Cotisations à des associations professionnelles

[20]   Le fonctionnaire s’estimant lésé déclare qu’il n’avait pas été informé de la décision de l’employeur de ne plus payer ses cotisations à des associations professionnelles avant son retour au travail, en novembre 2005. Il a toutefois appris que l’employeur avait bel et bien payé ses cotisations à l’International Society for Optical Engineering, sans payer ceux qu’il devait à l’Optical Society of America. Par conséquent, il a déclaré que je devrais ordonner à l’employeur de lui rembourser ses cotisations à l’Optical Society of America pour une période se terminant au moins 30 jours après son retour au travail. Normalement, la règle reconnue de remboursement des cotisations à des associations professionnelles ne donne pas droit à cet avantage à moins que l’employeur en ait fait une exigence du poste. On m’a fait valoir que ce n’est plus une exigence du nouveau poste du fonctionnaire s’estimant lésé depuis décembre 2004. Toutefois, puisqu’il n’avait pas été informé de ce changement avant son retour au travail, ses cotisations à l’Optical Society of America doivent lui être remboursées pour l’année 2005. Les cotisations à partir de 2006 ne sont plus de ma compétence.

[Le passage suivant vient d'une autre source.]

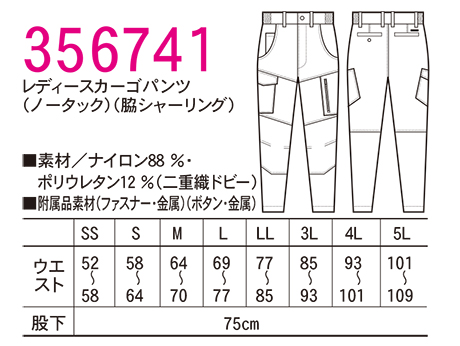 356741/レディースカーゴパンツ(ノータック)(脇シャーリング) |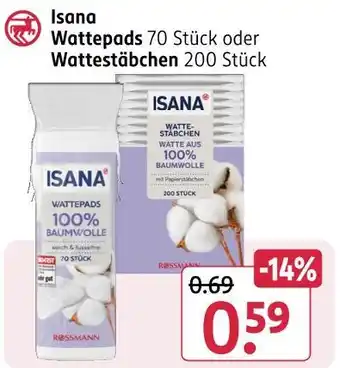 Isana wattepads oder wattestäbchen 200 stück Aktion bei Rossmann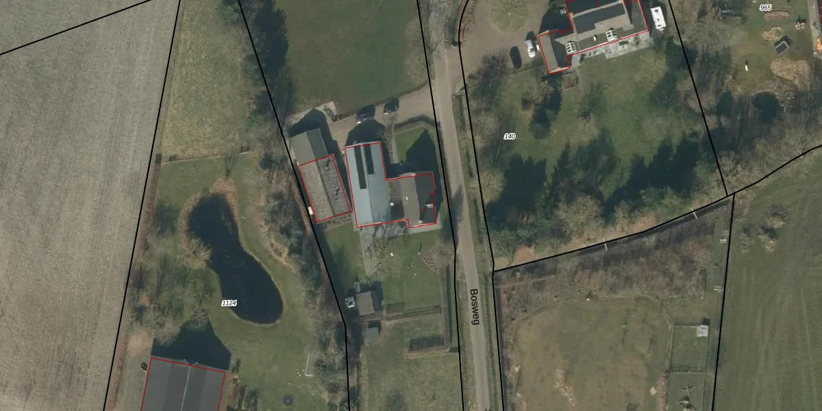 Het perceel waarop Bosweg 1 staat heeft een oppervlakte van 2,7 ha. Dit is een zeer groot perceel. De perceeloppervlakte wordt geregistreerd door het Kadaster. Gedetailleerde informatie over de maten van dit perceel kunt u vinden in het rapport Kadastrale kaart met maatvoering van Bosweg 1.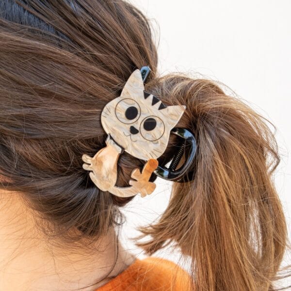 El gato se presenta con un estilo adorable que lo convierte en el protagonista del accesorio. Su tamaño y su acabado hacen que destaque sin resultar exagerado, aportando un toque visual encantador que transforma cualquier peinado en algo especial.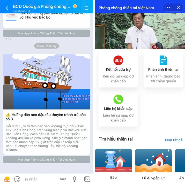 Ra mắt từ năm 2023, Zalo Mini App “Phòng chống thiên tai Việt Nam" do Văn phòng Thường trực Ban Chỉ đạo Quốc gia về Phòng, chống thiên tai phối hợp với Quỹ Nhi đồng Liên Hợp Quốc (UNICEF) phát hành đã đồng hành cùng người dân cả nước đi qua nhiều thiên tai và biến động thời tiết. Zalo Mini App “Phòng chống thiên tai Việt Nam" giúp người dân an tâm hơn khi có thêm công cụ hỗ trợ khẩn cấp, đối phó với những diễn biến phức tạp của thiên tai.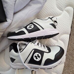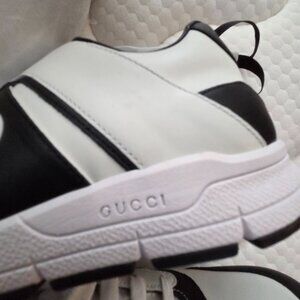 Brand new, never worn black and white Gucci sneakers. New in box. Size 38. Includes box and dusters. 2nd set of laces.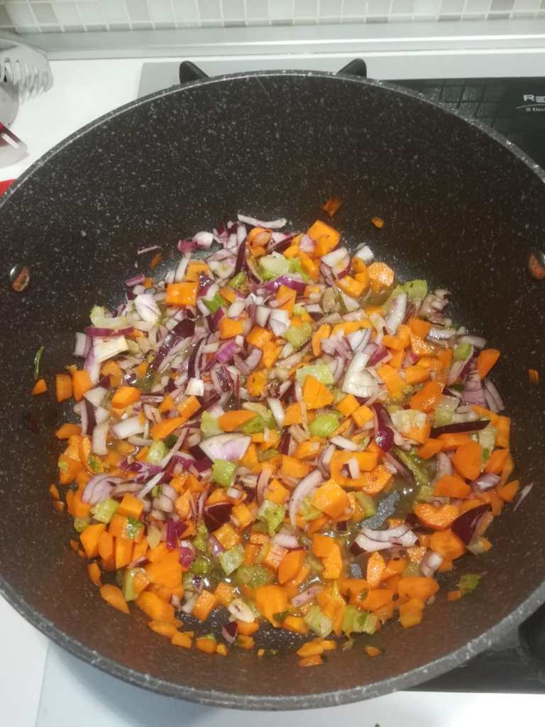 Lavare, pelare e tagliare a cubetti le carote, il sedano e la cipolla e soffriggere con olio per almeno 5 minuti.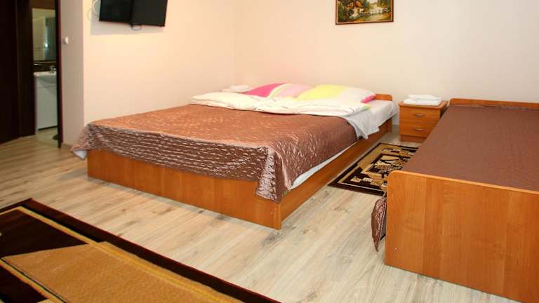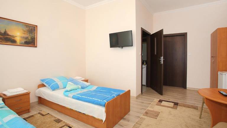 Jedes Zimmer im Kompleks Perła hat Fliesenböden, einen TV und einen Kühlschrank. Die Bäder sind mit einer Dusche ausgestattet. Für zusätzlichen Komfort sind einige Zimmer klimatisiert, wobei hierfür eine Gebühr anfällt. Gästen stehen weitere Dienstleistungen wie Zimmerservice und tägliche Reinigung zur Verfügung.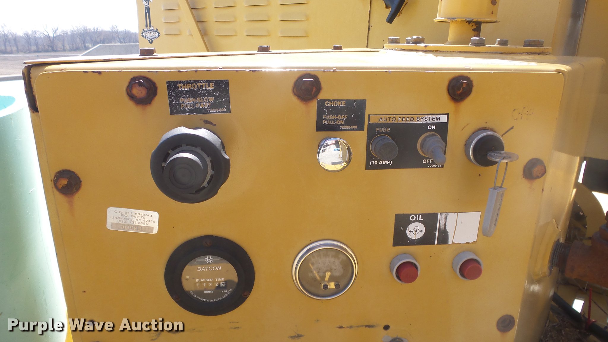 Purple Wave is selling a used Wood Chipper or Stump Grinder in Kansas. This item is a 1993 Vermeer BC1250 wood chipper with the following: 1,122 hours on meter, Ford six cylinder gas engine, Auto feed system, Ball hitch, 235/85R16 tires

Principe du dessaisissement

[21]   L’autre question sur laquelle les parties s’opposent est celle de la demande de dommages-intérêts généraux et alourdis et de dédommagement pour les possibilités de perfectionnement professionnel perdues ainsi que pour les difficultés financières, y compris les frais de représentation. À cet égard, l’employeur invoque le principe du dessaisissement.

[22]   Je dois souscrire à l’interprétation qu’a l’employeur de ce principe, à ses arguments et à la jurisprudence qu’il a invoquée, puisque tout cela s’applique en l’espèce. Mon ordonnance était claire et complète. J’ai réintégré le fonctionnaire s’estimant lésé à compter du 21 juillet 2004 avec dédommagement des pertes subies au titre du salaire et des avantages sociaux, en disant demeurer « saisie de l’affaire pour une période de 90 jours à compter de la date de [ma] décision afin de me prononcer, le cas échéant, sur toutes les questions concernant son exécution ». Par conséquent, je suis dessaisie s’il s’agit de rendre une ordonnance subséquente dépassant la portée de mon ordonnance originale.

[23]   Pour ces motifs, je rends l’ordonnance qui suit :

Ordonnance

[24]   Que l’on reconnaisse au fonctionnaire s’estimant lésé les crédits de congé annuel et de congé de maladie qu’il aurait accumulés s’il avait travaillé à temps plein du 21 juillet 2004, la date de la décision de l’employeur de le considérer comme en situation « pas de travail, pas de rémunération », jusqu’à celle de sa réintégration, en novembre 2005.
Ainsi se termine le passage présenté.